* **EXERCISE DETAILS**
Any picture in the data below should be skipped, while every line is repeated exactly.

* **DATA EXTRACT**
———
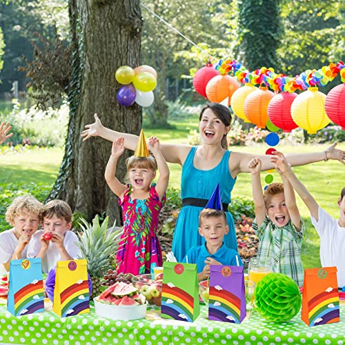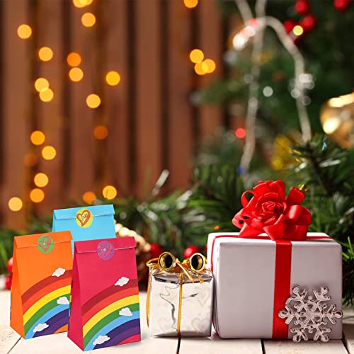 Dekewe 24 Pezzi Sacchetti Regalo di Carta, Sacchetti Regalo Compleanno con 24 Adesivi, Sacchetti Carta Colore per Bambini Feste, Sacchetti Carta Regalo per Compleanno Matrimonio Natale
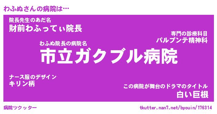 | 男性向けラノベタイトル風あだ名 | 『わふぬの憂鬱』 |
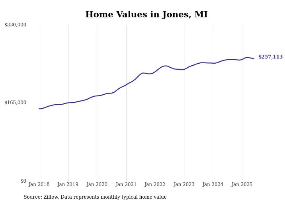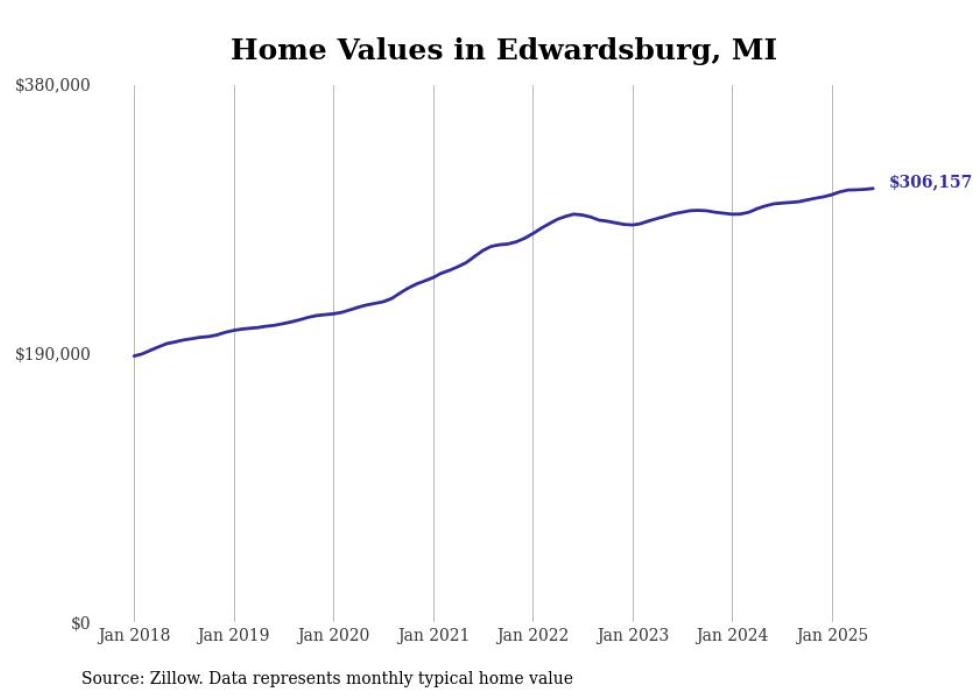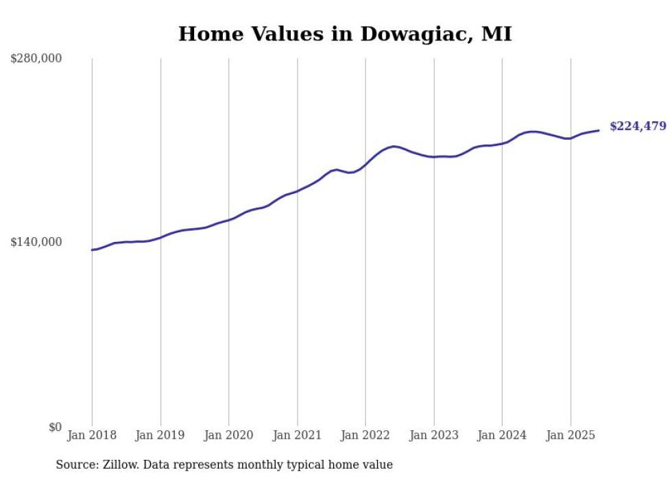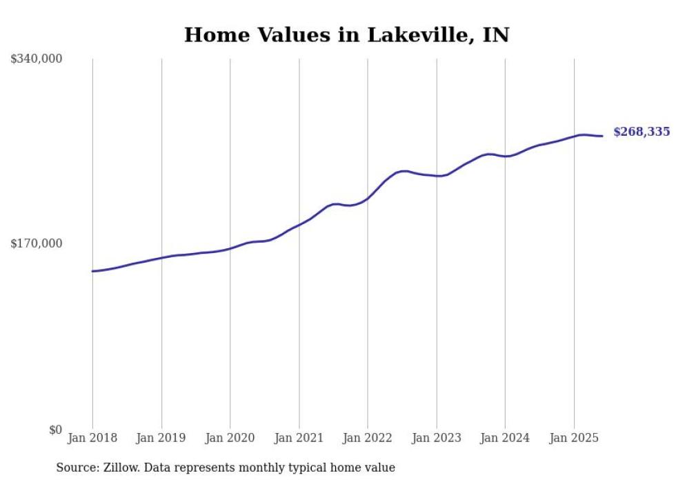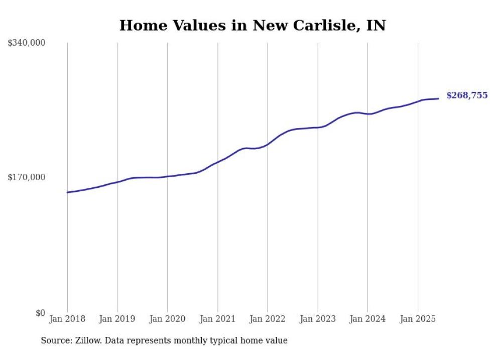 Stacker compiled a list of cities with the most expensive homes in the South Bend-Mishawaka, IN-MI metro area using data from Zillow. Charts show the monthly typical home value since January 2018.
———
* **ANSWER TO THE PROBLEM**
 Dekewe 24 Pezzi Sacchetti Regalo di Carta, Sacchetti Regalo Compleanno con 24 Adesivi, Sacchetti Carta Colore per Bambini Feste, Sacchetti Carta Regalo per Compleanno Matrimonio Natale
 | 男性向けラノベタイトル風あだ名 | 『わふぬの憂鬱』 |
 Stacker compiled a list of cities with the most expensive homes in the South Bend-Mishawaka, IN-MI metro area using data from Zillow. Charts show the monthly typical home value since January 2018.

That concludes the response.